I'm glad things have at least settled down in your home 

Really, what's important about being vegetarian anyways is not buying meat... So even though you're a teenager, just don't buy meat products with whatever side job you have  and at home, make an effort to eat lots of fruits and veggies so that when you move out you are able to easily know what food options there are 

For now, let her cool off, and then slowly and quietly do what you need to do.. Just don't let her know those are your plans  ke I said, our mothers are quite alike... Even though I'm the kind of person who likes to be open and honest with my family, sometimes "what they don't know won't hurt them".... Just quietly do what you need to do  

Of course, I'm not saying to lie to them, or break rules, but you don't have to tell them absolutely everything.... You will all be happier for it. 

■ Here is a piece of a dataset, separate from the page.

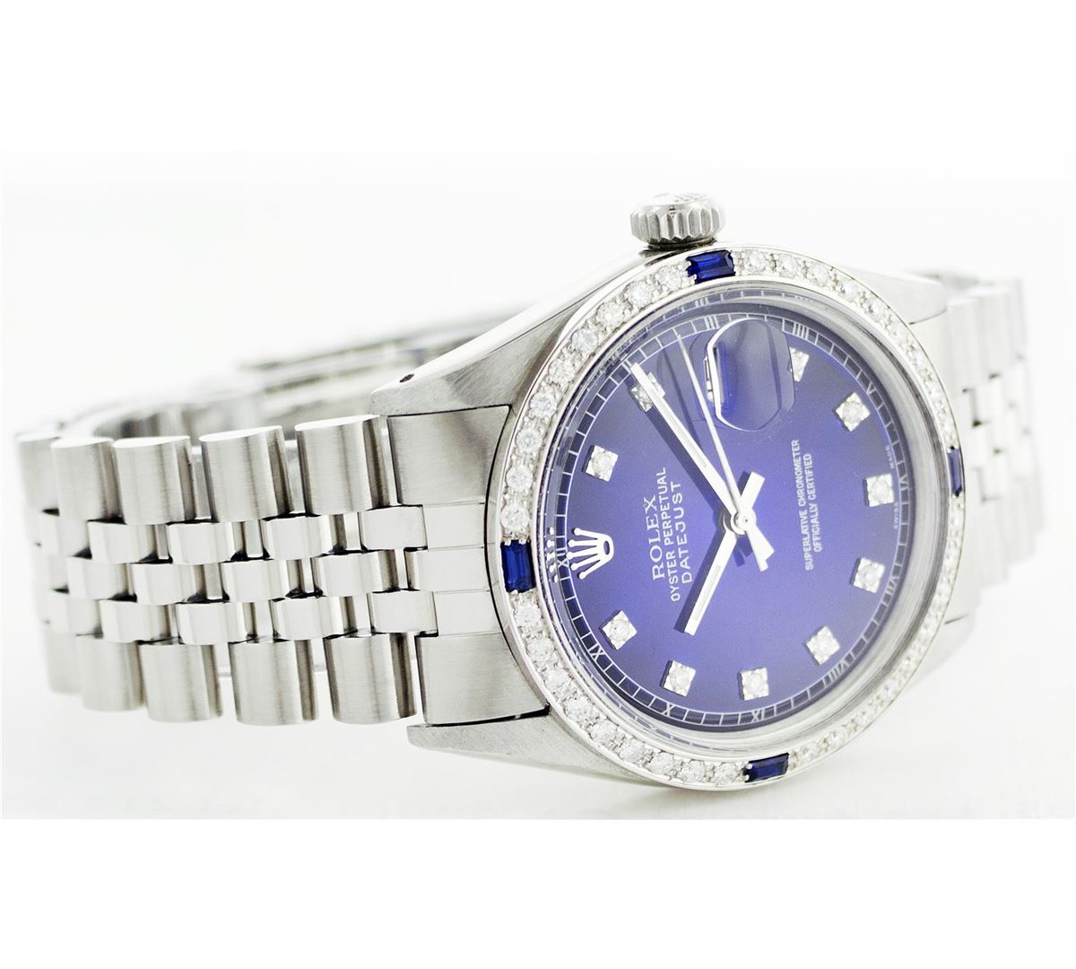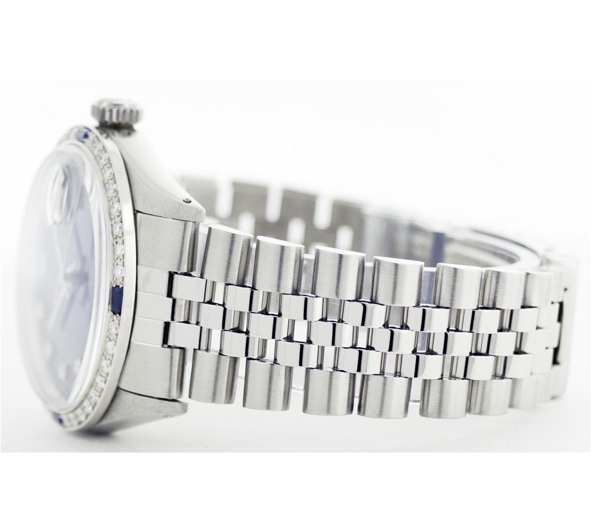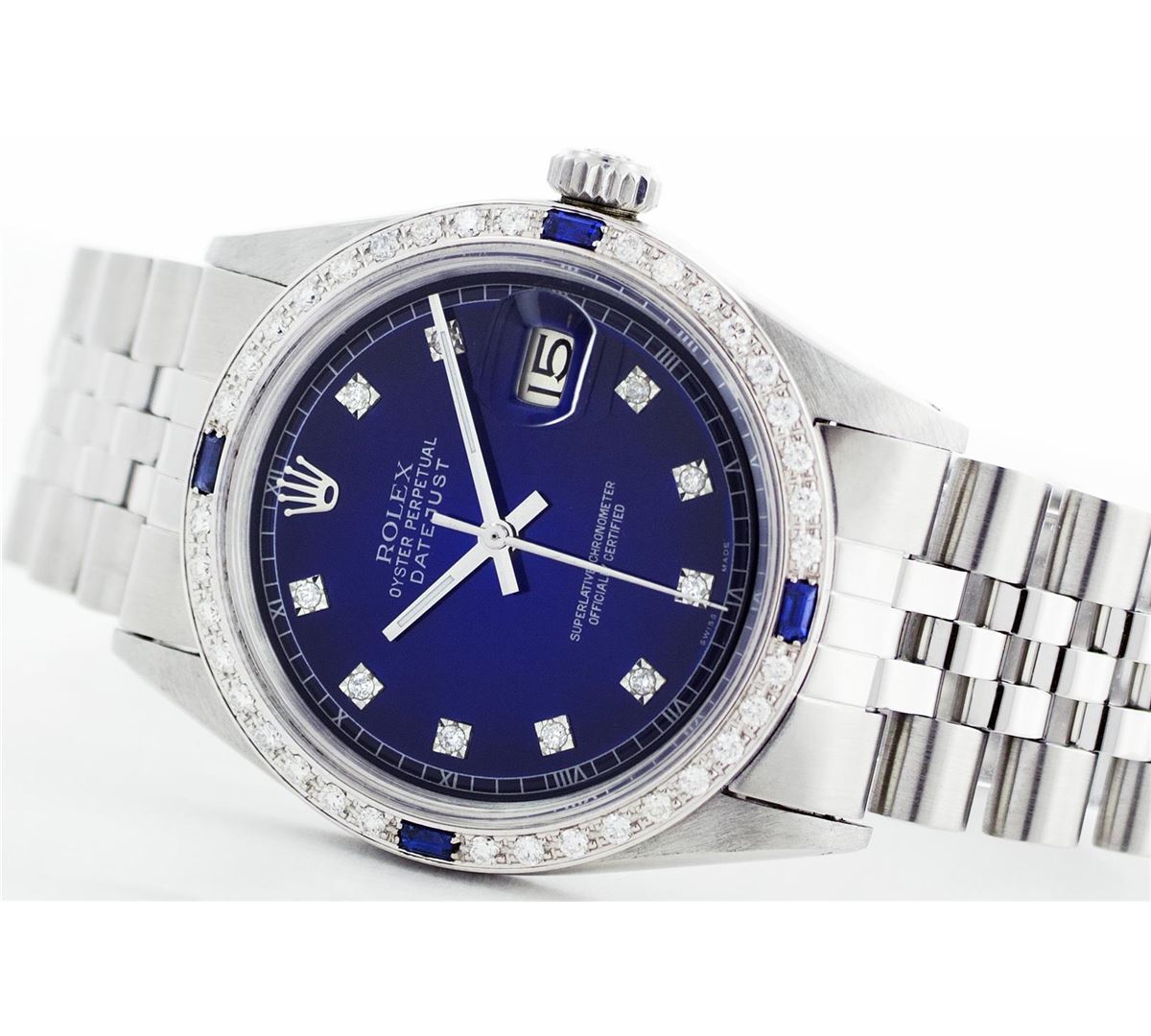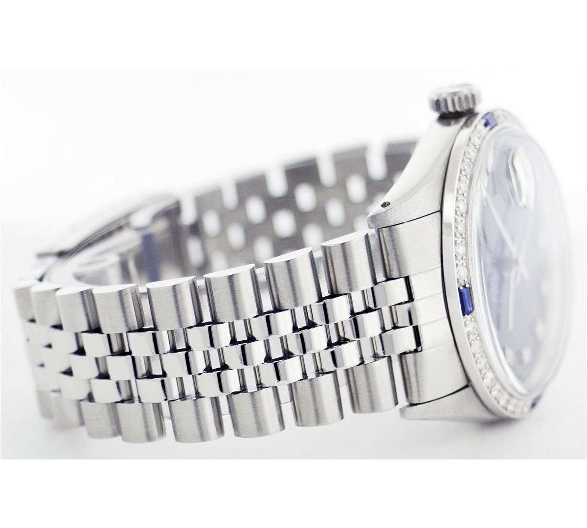 One Gents Rolex Datejust Polished, Serviced & Electronically Tested, Stainless Steel Case:36mm, Stainless Steel Crown, Custom Bezel: 18K White Gold Sapphire Beadset Diamond Bezel, Diamond + Gem Count: 36 Diamonds + 4 Sapphires Total Weight 1.00 Carat, Clarity: SI-VS, Color: G to H. Custom Crystal: Synthetic Sapphire Cyclops Lens. Movement: Automatic Winding Movement Caliber 3035. Custom Dial: Blue Vignette With Diamond Hour Markers, Diamond Count: 10 Diamonds In Dial, Clarity: SI-VS, Color: G to H. Date Window: 3 O'Clock Position Date Display, Quickset, Model: 16014 Condition: G-6 Extra Fine. Bracelet: Stainless Steel Jubilee. Bright Polish & Satin Finish. 6.5 Inch Length, Adjustable. Standard Clasp, With Rolex Logo.

Sent from Petguide.com Free App


----------



## ratswithfoxandbear (Feb 12, 2014)

Also, if it would make you feel better and more aligned with your personal values, choose to eat vegetarian when you can. Cereal and eggs and toast for breakfast. If she makes you a sandwich with a slice of meat, take it off. Dinner you may not win at because she will get upset. However, reducing the amount of meat in your diet also helps. 

Sometimes it is important to keep peace for your personal health and safety. I've been kicked out of my house in the past, and living in a car was a bummer. I never ever suggest fighting past the breaking point because it is not actually reasonable. You can know what your plans are and make the choices when you go out to dinner or whatever. Choose pasta options and whatnot, but if she sees you eating meat at the dinner table, she probably won't be upset if occasionally get a pasta. Not everyone eats meat at every meal, you know? That shouldn't seem odd. Also, if you are in school and having lunch made for you, add extra cheese to the sandwich or whatever and toss the meat. I dislike waste, but it's a slice.

My family was not supportive of me in that regard at one point, too. I chose vegetarian options as often as I could and was in my control-- with the knowledge that it would take awhile until I could eat veg completely.


----------



## Jon (Mar 1, 2014)

Are there perhaps deeper problems? Your mother sounds like she is being over the top about this so perhaps there are other things in mind? Either so, if she has threatened to get rid of your pet ratties then that is just wrong  My mum loves/loved my rats after I educated her about how clean, clever and how much personality they have. She became attached to them like me and cried too when my Maxie died earlier today :c

Anywho, try educating your mum about rats, and also about why you want to be a vegetarian. If there are deeper problems, perhaps talk them through or if worst comes to worst, get a councilor. 

Good luck.


----------



## Kuraudia (Jan 15, 2014)

@alexn: Cannot move out just yet, seeing as I'm 17 and it's still illegal (unless I get married or something, which by the way is a no-no at the moment xD), at least here. But yes, I have been thinking about it terribly in the last couple of weeks. I want to go away and stay with a friend for the weekend sometime just to enjoy some peace and quiet.

@zombiesrkewl: Umm... Yeah, she's my mother and I'm not going to report her or anything, I'll just put up with it for a little longer. I know it can damage me, trust me, I know too.
I do not want to talk to any school counselor or anything. I can't talk to people in my school about my feelings/personal life or whatever, heck, I hardly tell my friends (that's mostly for other reasons). I know you want to help me, but I'm pretty sure if I did, I would feel much worse and the conflict at home would start again and get ugly... just thinking about it makes me nervous. I really don't want to, and seriously, I think my mum would go nuts, and it's not what I want right now. 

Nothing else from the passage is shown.